震度1で活動期間など予測情報 伊豆東部火山群
【静岡新聞 03/01 08:00】
 気象庁は28日、伊豆半島東部の群発地震を引き起こす伊豆東部火山群について、31日から導入する「地震活動の予測情報」の具体的な予測内容や発表時期を公表した。同地域で、震度1以上の有感地震が発生した際に地震の最大震度や活動期間などを発表する。また、火山の活動状況や避難行動を示す「噴火警戒レベル」については、陸地での噴火の可能性もあることから、警戒レベルを1(平常)からただちに4(避難準備)に引き上げる仕組みを適用する、とした。
 伊東市大原の震度計で震度1以上を観測した場合や、活動域に近い場所の住民が身体に感じるような地震が発生した際に、最大震度や最大のマグニチュード(M)、活動期間などの「予測情報」を出す。
 地震の活動期間中は、おおむね1日に1~2回定期的に、震度5弱以上の地震が発生した時は随時発表する。地震活動が収まった段階で、終息したことを発表する。

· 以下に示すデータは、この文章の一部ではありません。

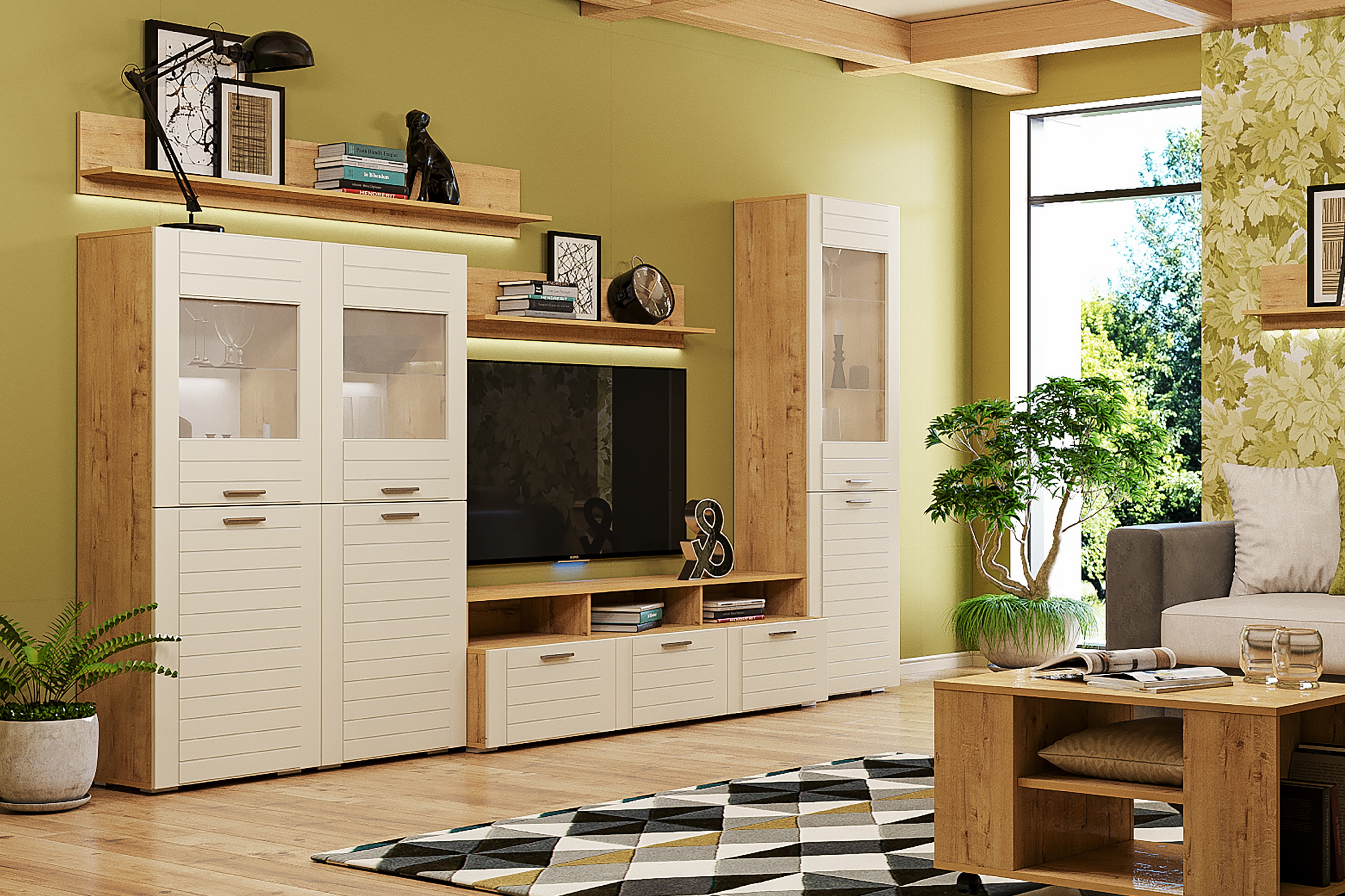 Компактный шкаф Livorno НМ 011.49 подходит для малогабаритной гостиной. Верхняя створка декорирована стеклянным элементом, который делает практически невидимыми вещи, находящиеся за ним. Внутри этой части модуля установлены две стеклянные полки. Нижняя секция модуля оснащена двумя полками, содержимое которых защищено от пыли глухим фасадом.

 一方、「噴火警戒レベル」は通常、1~5(避難)の5段階だが、伊豆東部では、出現するまで火口の位置が分からず、居住地域に現れる可能性もあるため、噴火の危険が高まれば、入山規制などの2や3を飛ばし、4に引き上げる。
 気象庁の発表に先立ち同日、噴火想定範囲などを決めた県の「伊豆東部火山群の火山防災対策検討会」委員で、静岡大防災総合センターの小山真人教授は「伊豆東部では1978年以降、群発地震が46回発生したが、噴火したのは(89年の伊東沖海底噴火の)1例のみ。予測情報は公的機関が安心情報として出すと考えていい。予測の手法は世界の最先端であり、誇りを持ってほしい」と語った。
 同検討会は23日午後2時から、伊東市観光会館ホールで「伊豆東部火山群フォーラム」を開く。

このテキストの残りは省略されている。